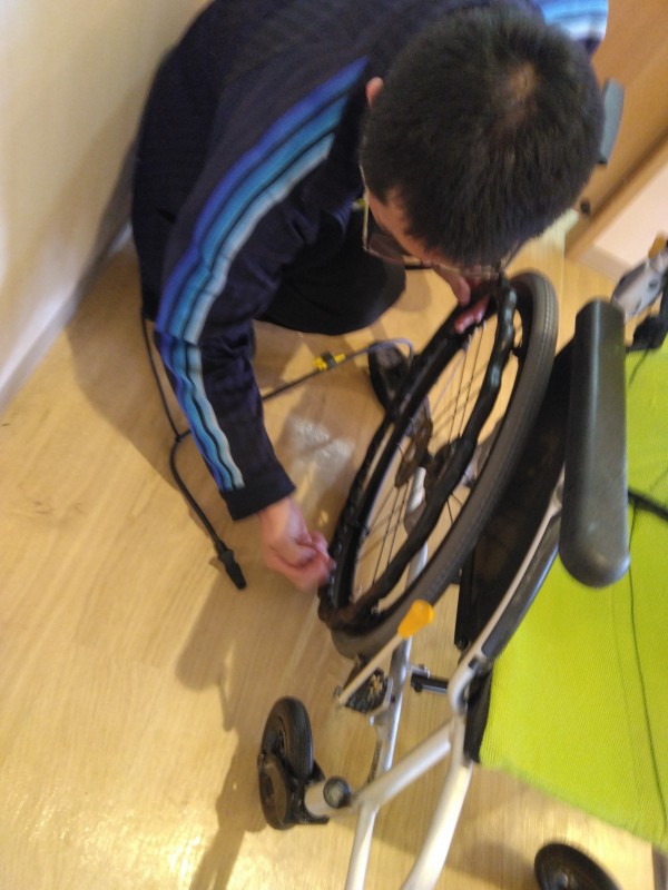 タイヤの空気が足りないとガタガタしてしまい身体に負担がかかるので
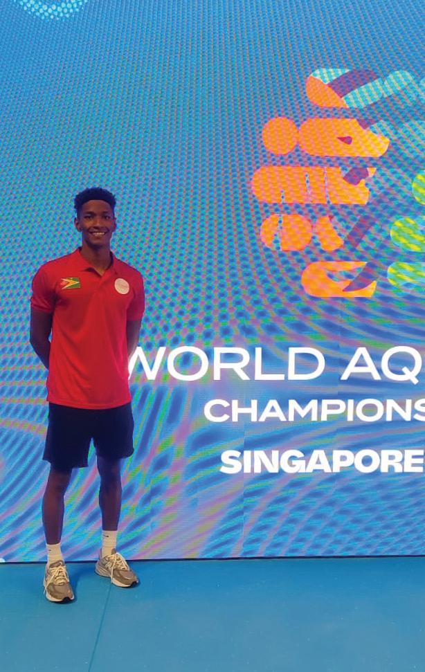 GOLDEN boy Raekwon Noel has again lowered the country’s national record in the men’s 100 metres butterfly with a time of 53.91 second at the World Aquatics Championships in Singapore on Friday.
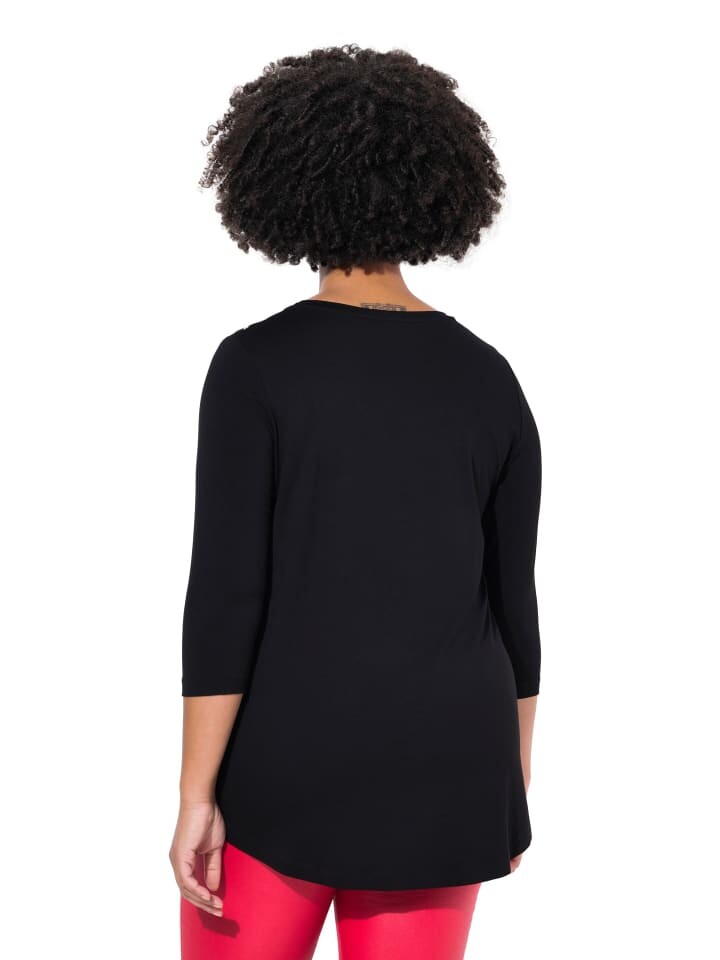 Футболка А-силуэта из мягкого трикотажа со звездами спереди. V-образный вырез, рукава 3/4. Низ сзади удлинен.

**Exercise brief**
The required output is every line of the data above, set down exactly and stripped of pictures.

**Answer section**
 タイヤの空気が足りないとガタガタしてしまい身体に負担がかかるので
 GOLDEN boy Raekwon Noel has again lowered the country’s national record in the men’s 100 metres butterfly with a time of 53.91 second at the World Aquatics Championships in Singapore on Friday.
 Футболка А-силуэта из мягкого трикотажа со звездами спереди. V-образный вырез, рукава 3/4. Низ сзади удлинен.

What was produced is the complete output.